Memo bey Memayi (; 1849—1918) was an Azerbaijani poet. He wrote under the pseudonym Memayi. He was a relative of Abdurrahim  bey Hagverdiyev.

Life 
Memo bey Muhammed bey oglu Memayi was born in 1849 in Shusha in a noble family. As a child, they called him Memo, the nickname stuck with him later, already as a pseudonym. He received his education in Shusha, where he was engaged in trade. Memo bey Memai was one of the most active members of the association of poets "Mejlisi uns", headed by the famous poetess Khurshidbanu Natavan. He loved to travel, visited many cities in Russia, Central Asia, Turkey, Iran.
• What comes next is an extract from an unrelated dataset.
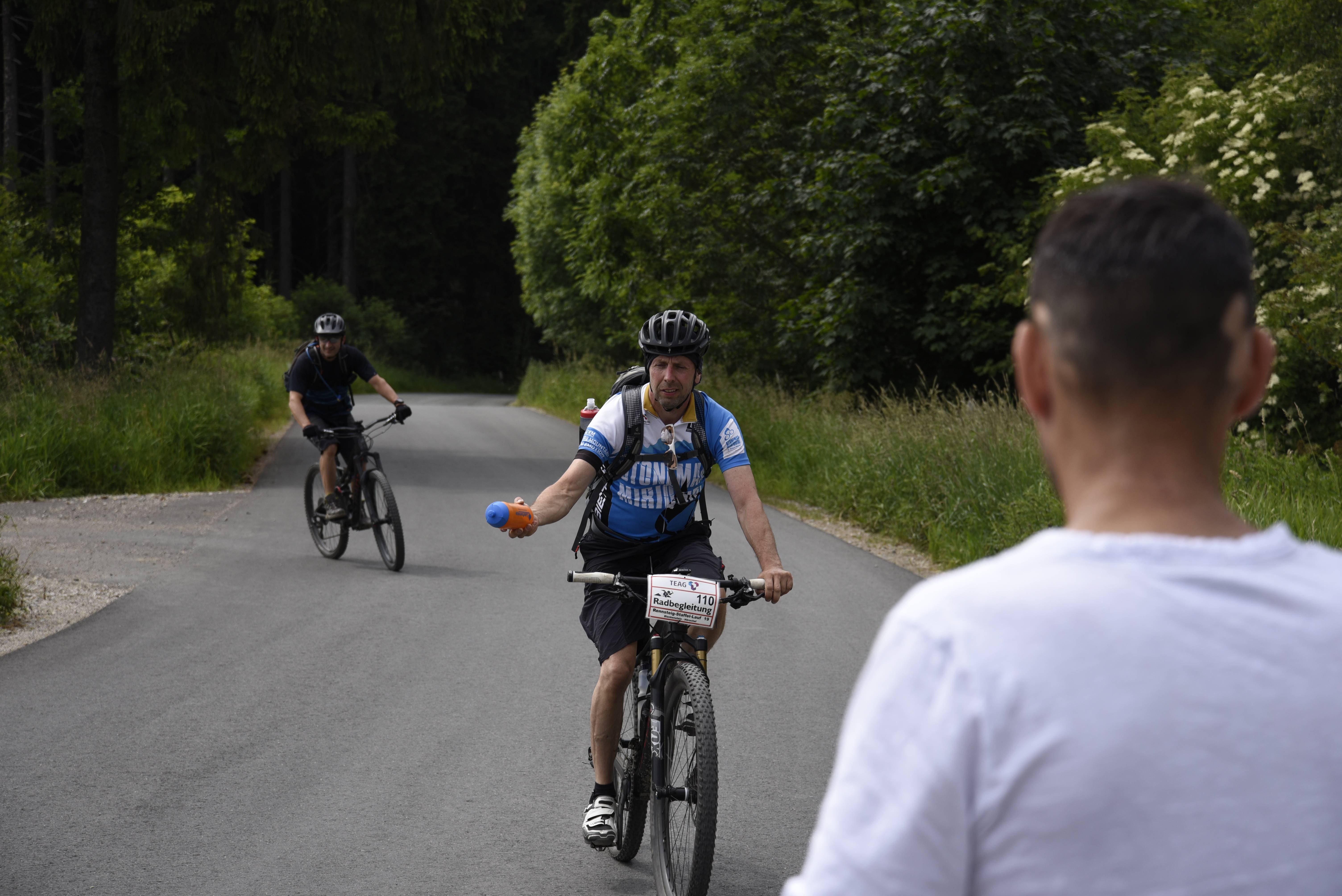 Thomas Häusler übernimmt auf Position vier und macht zwei Plätze auf den 13,9 Kilometern gut. Der Rückstand nach vorn ist auf etwa 12 Minuten angewachsen, nach hinten der Vorsprung beträgt aber auch schon 4 Minuten. Während Thomas mit dem von Robert mitgeführten Bike zurück zu seinem Auto zurück radelt, ist mit Wieland Kundisch unser erster Orientierungsläufer unterwegs. An dieser Stelle auch das erste Wort zu unseren Radbegleitern Andrè Bräuer und Henry Schneider. Diese haben die erste Hälfte vor zwei Wochen vorbereitend abgefahren und strahlen jetzt im Sattel entspannte Ruhe aus.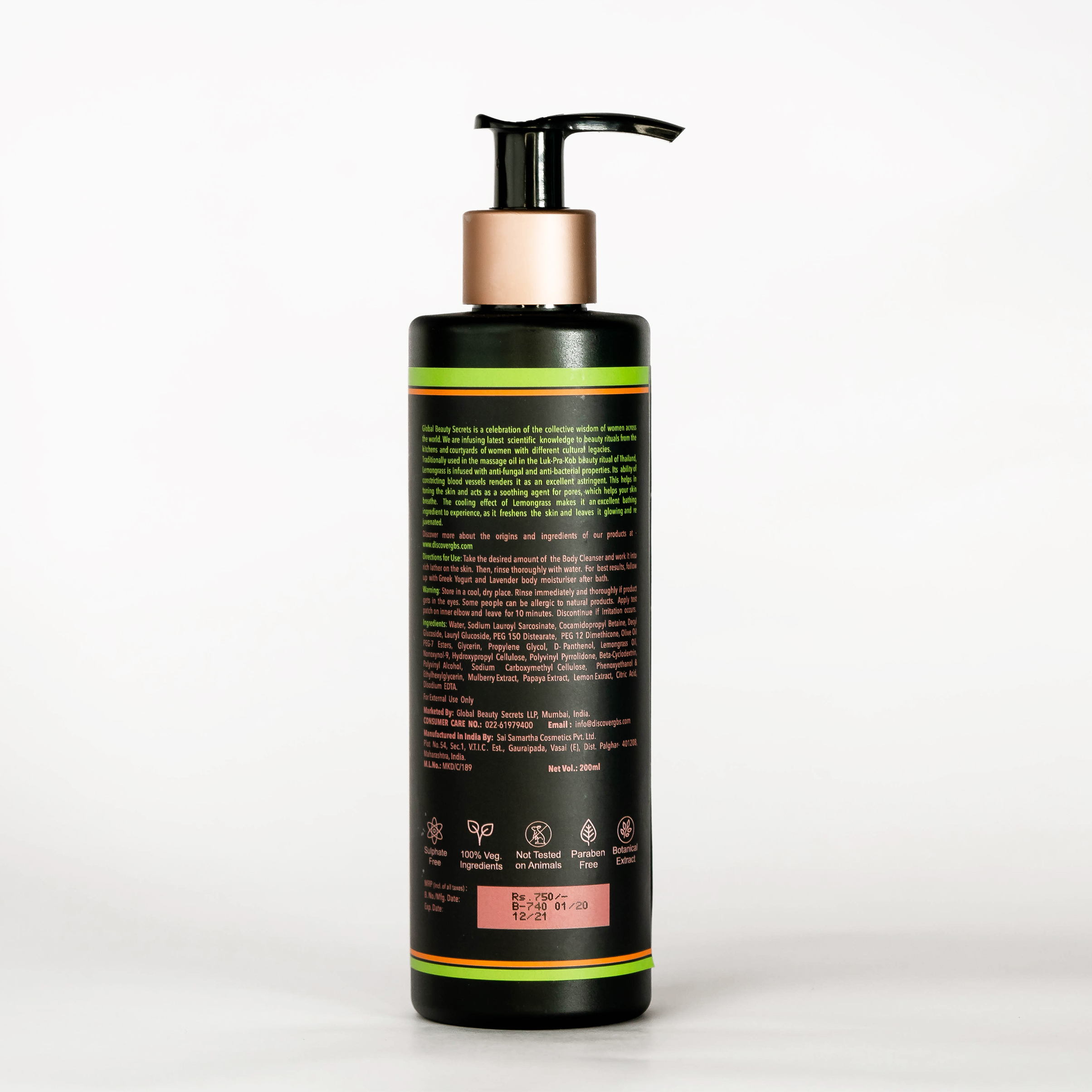 a long-lasting effect on the skin. The Thai Lemongrass Body Cleanser helps detoxify the skin, while simultaneously moisturizing it and reducing signs of ageing. This cleanser consists of 46% natural ingredients along with surfactants derived from natural sources like corns,coconuts,and renewable materials.

Later, all the impressions from the trips resulted in a serious work, which he called the "Book of Travels". Unfortunately, this book has not survived to this day. The father of five children, Memo bey gave his youngest daughter to be raised by his wife's brother, the famous playwright, Abdurrahim bey Hagverdiyev.

The poems of Memo-bek, written in the classical style of Aruz in the Azerbaijani and Persian languages, have been preserved. Memo bey was a well-known calligrapher. Well-known calligraphic copies of his work by Natavan and other well-known Azerbaijani poets. At the present time they are kept at the Institute of Manuscripts of Azerbaijan.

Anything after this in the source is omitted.